You do not need a public Zapier integration in the App Directory to use this White Label embedded workflows path.

What you need

  • A user access token (from token exchange), used as Authorization: Bearer on Workflow API requests.
  • A strategy to create or reuse connections (authentications) via Connect when a step requires a linked account (Connection flow, Selecting an authentication).
  • Your UI or server flow to walk apps → actions → inputs → outputs/mapping → create Zap, using the guides below.

High-level flow

  1. Token exchange — exchange the partner JWT for a user access token (Token exchange).
  2. Discover appsGET /v2/apps for pickers and search (Retrieving apps).
  3. Select actionsGET /v2/actions per app (READ triggers, WRITE actions, etc.) (Selecting an action).
  4. ConnectionsGET /v2/authentications; route users through Connect when adding or reconnecting accounts (Connection flow).
  5. Configure inputsPOST /v2/actions/{action_id}/inputs; use .../inputs/{input_id}/choices for SELECT fields; refetch when fields invalidate or depend on other fields (Fields and fieldsets).
  6. Map between stepsPOST /v2/actions/{action_id}/outputs; use {{field_id}} for two-step Zaps or {{alias.field_id}} with explicit step aliases when you have more than two steps (How to build a workflow).
  7. Optional filters — add Filter by Zapier steps (action_type=FILTER) per Filter actions.
  8. Create the ZapPOST /v2/zaps with scope zap:write (Create a Zap, How to build a workflow).
  9. Test steps (recommended)POST /v2/actions/{action_id}/test (Testing a workflow).
  10. OperateGET /v2/zaps with filters/expand as needed; use links.html_editor when you want a handoff to the Zapier editor (Retrieving a list of Zaps).

Create and manage Zaps

End-to-end construction (actions, authentications, inputs, output mapping, aliases, multi-step examples) is documented in How to build a workflow. Use that guide as the canonical walkthrough; this page wires it to White Label auth and sibling use cases. Create example shape (see API reference for full schema and expand):
POST https://api.zapier.com/v2/zaps
Authorization: Bearer YOUR_ACCESS_TOKEN
Content-Type: application/json

{
  "data": {
    "enabled": true,
    "title": "My embedded workflow",
    "steps": [
      {
        "action": "core:TRIGGER_ACTION_ID",
        "authentication": "AUTH_ID",
        "inputs": { }
      },
      {
        "action": "core:ACTION_ACTION_ID",
        "authentication": "AUTH_ID",
        "inputs": { "field": "{{previous_step_output_id}}" }
      }
    ]
  }
}
After creation, the response may omit per-step inputs even when you sent them; that is expected (How to build a workflow).

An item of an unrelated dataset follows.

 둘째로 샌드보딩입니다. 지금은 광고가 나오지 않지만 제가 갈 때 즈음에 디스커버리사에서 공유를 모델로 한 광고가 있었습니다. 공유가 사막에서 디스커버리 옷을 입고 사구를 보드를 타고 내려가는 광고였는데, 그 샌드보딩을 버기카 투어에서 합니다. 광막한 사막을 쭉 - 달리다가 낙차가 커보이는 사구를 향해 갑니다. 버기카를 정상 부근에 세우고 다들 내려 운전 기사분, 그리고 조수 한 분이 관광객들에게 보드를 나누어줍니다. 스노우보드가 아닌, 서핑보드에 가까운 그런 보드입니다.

What Zapier runs vs what you own

AreaZapierYour product
ExecutionSchedules/runs triggers, actions, filters, searchesDrives configuration via API; no per-step runtime polling required
Third-party credentialsStores and refreshes connectionsSurfaces Connect; refreshes authentication lists after connect
Workflow recordPersists the Zap (steps, mapping, enabled state)Your setup UX, templates, and lifecycle (draft/publish)

Limits and best practices

  • Steps — maximum 25 per Zap; use snake_case alias on steps when referencing outputs across more than two steps (How to build a workflow).
  • Action identity — prefer stable key for product logic; id is what the API accepts on steps and may change when app implementations change—refresh cached metadata when building UIs.
  • Zap listing scopes — which Zaps appear in GET /v2/zaps depends on granted scopes (for example zap:all vs default); see Retrieving a list of Zaps.
  • Rate limits — Workflow API requests are rate limited (Rate limiting).

Security notes

  • Keep client_secret, user access tokens, and connect tokens on the server.
  • Validate state on OAuth callbacks where used.
  • Prefer short-lived partner JWTs and rotate signing keys with JWKS.